Type out each entry exactly as it appears, but keep every image out.

Extracted data entries:
++++++++++++++++++++

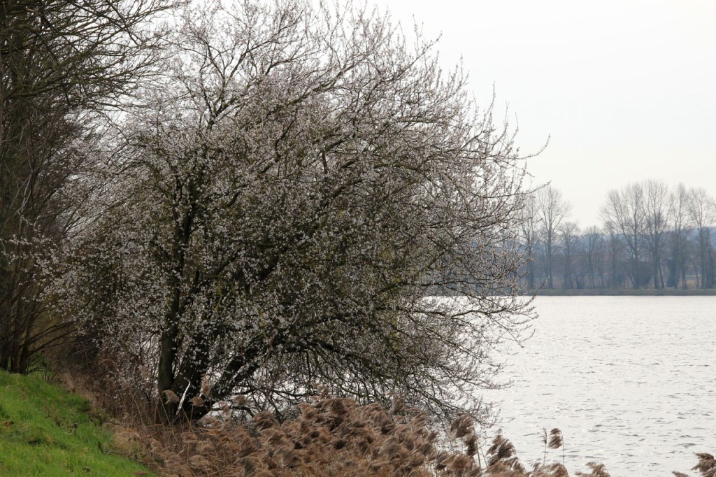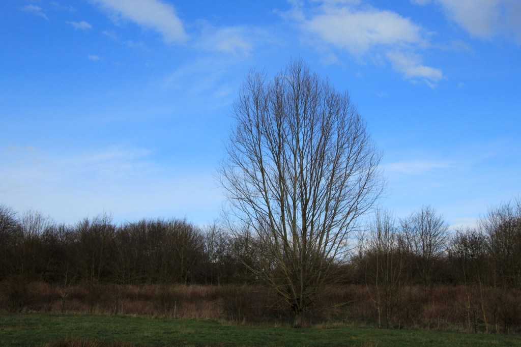 Ik heb op deze grijze voormiddag lang heen en weer geslingerd tussen fietsen of wandelen, dat beterde overigens niet toen er tegen de middag eerst nattigheid viel en wat later de zon even doorbrak. Uiteindelijk sloeg de slinger definitief richting wandelen. Met de bij momenten erg venijnige wind was ik daar ook achteraf nog best tevreden over.
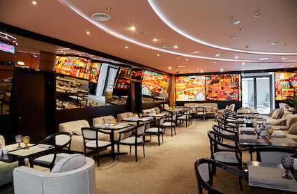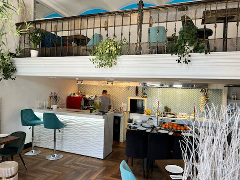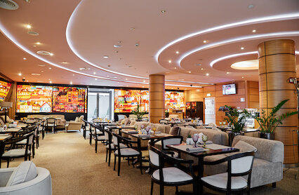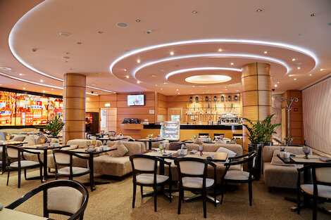 - Просторное кафе с завтраками при отеле Crowne Plaza Moscow
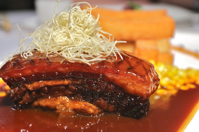Braised Spanish pork belly in homemade kimchi gravy with toast (京韓烤西班牙黑毛豬腩) - we had no idea how big this was... and it was pretty monstrous! Oh yeah, this pork belly was sooooo good... Just look at the grill marks on the skin...
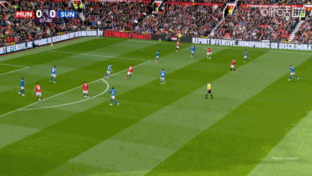 在后防逐步稳定的基础之上,曼联的前锋们也是有了更多的信心去制造机会。开场第8分钟,曼联通过一次大规模的边路转换以及边中结合策略,靠着芒特一停、一射、一射门成功完成了首开记录的实践。对于芒特来说,这个进球实在是太重要了,虽然他的庆祝略显轻描淡写的,不过在回归之后能够帮助完成这样的进球,这不仅是解决了主帅压力问题,也很好的给自己的回归吹响了号角。
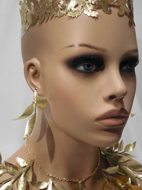 Ahora las 3 secciones son juntos, que usted puede Agregar todos los toques que te gusta. Este es solo simple, un poco rhinestone en el frente y una cadena envuelta alrededor de los bordes. Hacer unos pendientes para emparejar, de recortes de hojas añadir una pequeña joya. Conjunto completo.
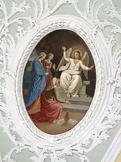 ![]() An artistic depiction of the women hearing from the angel at the grave | |

++++++++++++++++++++

■ Written reply ■
 Ik heb op deze grijze voormiddag lang heen en weer geslingerd tussen fietsen of wandelen, dat beterde overigens niet toen er tegen de middag eerst nattigheid viel en wat later de zon even doorbrak. Uiteindelijk sloeg de slinger definitief richting wandelen. Met de bij momenten erg venijnige wind was ik daar ook achteraf nog best tevreden over.
 - Просторное кафе с завтраками при отеле Crowne Plaza Moscow
Braised Spanish pork belly in homemade kimchi gravy with toast (京韓烤西班牙黑毛豬腩) - we had no idea how big this was... and it was pretty monstrous! Oh yeah, this pork belly was sooooo good... Just look at the grill marks on the skin...
 在后防逐步稳定的基础之上,曼联的前锋们也是有了更多的信心去制造机会。开场第8分钟,曼联通过一次大规模的边路转换以及边中结合策略,靠着芒特一停、一射、一射门成功完成了首开记录的实践。对于芒特来说,这个进球实在是太重要了,虽然他的庆祝略显轻描淡写的,不过在回归之后能够帮助完成这样的进球,这不仅是解决了主帅压力问题,也很好的给自己的回归吹响了号角。
 Ahora las 3 secciones son juntos, que usted puede Agregar todos los toques que te gusta. Este es solo simple, un poco rhinestone en el frente y una cadena envuelta alrededor de los bordes. Hacer unos pendientes para emparejar, de recortes de hojas añadir una pequeña joya. Conjunto completo.
 ![]() An artistic depiction of the women hearing from the angel at the grave | |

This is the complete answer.